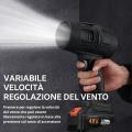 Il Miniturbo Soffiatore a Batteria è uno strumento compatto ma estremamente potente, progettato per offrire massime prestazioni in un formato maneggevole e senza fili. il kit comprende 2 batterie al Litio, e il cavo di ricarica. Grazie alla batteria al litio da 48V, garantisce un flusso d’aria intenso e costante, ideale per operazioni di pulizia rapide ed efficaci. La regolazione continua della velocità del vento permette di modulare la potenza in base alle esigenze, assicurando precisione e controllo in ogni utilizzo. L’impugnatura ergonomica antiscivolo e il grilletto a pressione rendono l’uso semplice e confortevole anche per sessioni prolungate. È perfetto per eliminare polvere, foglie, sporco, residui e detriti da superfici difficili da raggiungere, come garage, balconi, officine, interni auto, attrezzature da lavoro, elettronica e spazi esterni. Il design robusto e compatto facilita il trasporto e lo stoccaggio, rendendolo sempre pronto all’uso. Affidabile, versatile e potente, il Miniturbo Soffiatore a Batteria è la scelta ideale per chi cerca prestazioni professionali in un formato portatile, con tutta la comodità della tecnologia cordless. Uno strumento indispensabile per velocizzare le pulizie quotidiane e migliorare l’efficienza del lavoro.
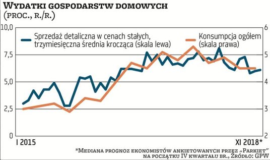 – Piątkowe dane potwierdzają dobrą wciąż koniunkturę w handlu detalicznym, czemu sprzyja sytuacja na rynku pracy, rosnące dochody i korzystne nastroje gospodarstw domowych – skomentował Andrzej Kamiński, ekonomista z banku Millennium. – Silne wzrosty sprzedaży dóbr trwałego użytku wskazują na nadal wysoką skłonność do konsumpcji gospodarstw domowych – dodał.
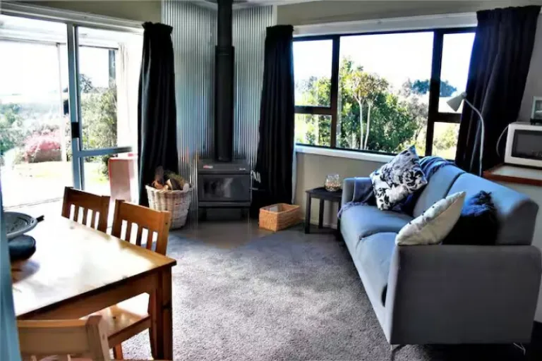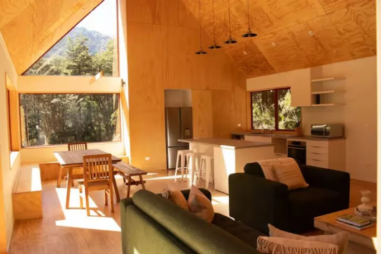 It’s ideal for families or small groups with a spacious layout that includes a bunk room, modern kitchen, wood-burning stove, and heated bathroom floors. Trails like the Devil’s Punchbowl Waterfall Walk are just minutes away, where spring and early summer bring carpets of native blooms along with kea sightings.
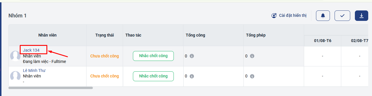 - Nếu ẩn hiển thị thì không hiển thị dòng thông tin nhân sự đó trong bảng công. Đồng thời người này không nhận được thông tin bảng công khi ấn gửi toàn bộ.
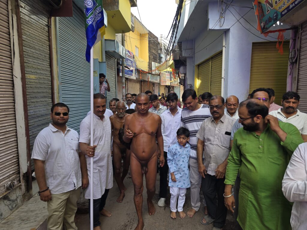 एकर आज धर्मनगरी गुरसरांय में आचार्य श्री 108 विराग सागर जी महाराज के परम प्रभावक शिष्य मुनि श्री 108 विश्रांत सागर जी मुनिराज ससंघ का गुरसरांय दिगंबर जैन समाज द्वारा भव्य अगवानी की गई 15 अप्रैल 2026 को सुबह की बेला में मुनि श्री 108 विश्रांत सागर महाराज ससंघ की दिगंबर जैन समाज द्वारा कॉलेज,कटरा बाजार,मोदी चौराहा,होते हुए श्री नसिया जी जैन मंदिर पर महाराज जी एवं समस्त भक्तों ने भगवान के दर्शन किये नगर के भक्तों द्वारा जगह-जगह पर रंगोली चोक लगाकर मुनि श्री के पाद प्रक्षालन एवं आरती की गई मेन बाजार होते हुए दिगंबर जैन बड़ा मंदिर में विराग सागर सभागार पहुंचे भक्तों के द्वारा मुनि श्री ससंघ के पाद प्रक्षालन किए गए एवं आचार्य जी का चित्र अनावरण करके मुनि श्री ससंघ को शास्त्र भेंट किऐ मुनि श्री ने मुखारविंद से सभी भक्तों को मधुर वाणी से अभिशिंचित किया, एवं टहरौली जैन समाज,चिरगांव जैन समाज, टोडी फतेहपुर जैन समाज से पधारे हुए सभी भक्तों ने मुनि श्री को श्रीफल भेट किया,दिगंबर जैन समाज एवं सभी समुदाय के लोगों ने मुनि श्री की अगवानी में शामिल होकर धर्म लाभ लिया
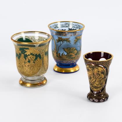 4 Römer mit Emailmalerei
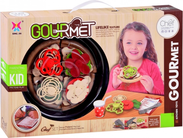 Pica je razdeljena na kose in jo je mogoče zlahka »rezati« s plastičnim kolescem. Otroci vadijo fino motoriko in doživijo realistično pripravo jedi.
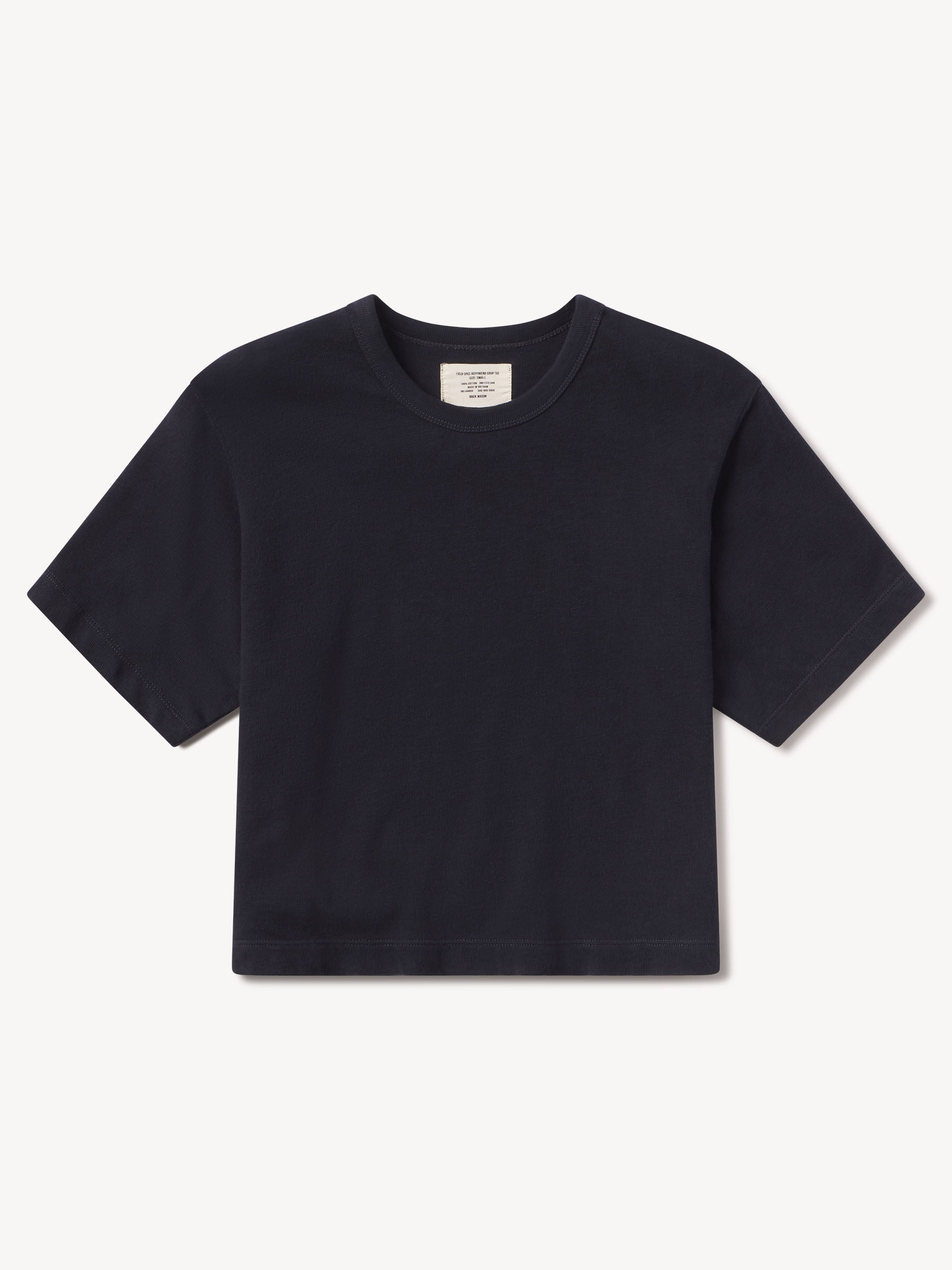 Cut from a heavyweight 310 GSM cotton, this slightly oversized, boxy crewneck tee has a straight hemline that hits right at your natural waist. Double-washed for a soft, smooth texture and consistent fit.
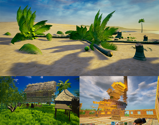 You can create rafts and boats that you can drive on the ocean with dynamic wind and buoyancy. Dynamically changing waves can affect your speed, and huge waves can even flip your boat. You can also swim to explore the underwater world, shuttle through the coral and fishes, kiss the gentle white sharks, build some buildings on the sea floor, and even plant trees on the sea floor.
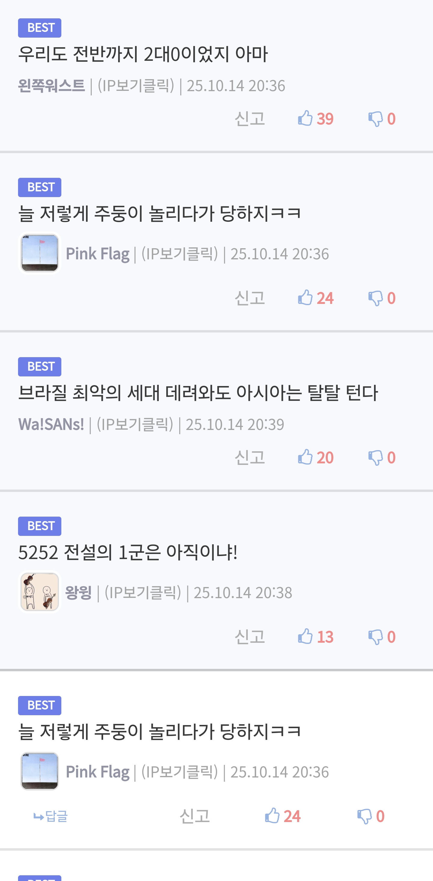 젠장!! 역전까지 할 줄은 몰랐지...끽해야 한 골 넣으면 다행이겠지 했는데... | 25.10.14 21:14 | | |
========================
(Task description) Copy exactly the lines of the entries above from the one containing "It’s ideal for" through the one containing "Pica je razdeljena". Both end lines count; pictures do not.

(Written reply)
 It’s ideal for families or small groups with a spacious layout that includes a bunk room, modern kitchen, wood-burning stove, and heated bathroom floors. Trails like the Devil’s Punchbowl Waterfall Walk are just minutes away, where spring and early summer bring carpets of native blooms along with kea sightings.
 - Nếu ẩn hiển thị thì không hiển thị dòng thông tin nhân sự đó trong bảng công. Đồng thời người này không nhận được thông tin bảng công khi ấn gửi toàn bộ.
 एकर आज धर्मनगरी गुरसरांय में आचार्य श्री 108 विराग सागर जी महाराज के परम प्रभावक शिष्य मुनि श्री 108 विश्रांत सागर जी मुनिराज ससंघ का गुरसरांय दिगंबर जैन समाज द्वारा भव्य अगवानी की गई 15 अप्रैल 2026 को सुबह की बेला में मुनि श्री 108 विश्रांत सागर महाराज ससंघ की दिगंबर जैन समाज द्वारा कॉलेज,कटरा बाजार,मोदी चौराहा,होते हुए श्री नसिया जी जैन मंदिर पर महाराज जी एवं समस्त भक्तों ने भगवान के दर्शन किये नगर के भक्तों द्वारा जगह-जगह पर रंगोली चोक लगाकर मुनि श्री के पाद प्रक्षालन एवं आरती की गई मेन बाजार होते हुए दिगंबर जैन बड़ा मंदिर में विराग सागर सभागार पहुंचे भक्तों के द्वारा मुनि श्री ससंघ के पाद प्रक्षालन किए गए एवं आचार्य जी का चित्र अनावरण करके मुनि श्री ससंघ को शास्त्र भेंट किऐ मुनि श्री ने मुखारविंद से सभी भक्तों को मधुर वाणी से अभिशिंचित किया, एवं टहरौली जैन समाज,चिरगांव जैन समाज, टोडी फतेहपुर जैन समाज से पधारे हुए सभी भक्तों ने मुनि श्री को श्रीफल भेट किया,दिगंबर जैन समाज एवं सभी समुदाय के लोगों ने मुनि श्री की अगवानी में शामिल होकर धर्म लाभ लिया
 4 Römer mit Emailmalerei
 Pica je razdeljena na kose in jo je mogoče zlahka »rezati« s plastičnim kolescem. Otroci vadijo fino motoriko in doživijo realistično pripravo jedi.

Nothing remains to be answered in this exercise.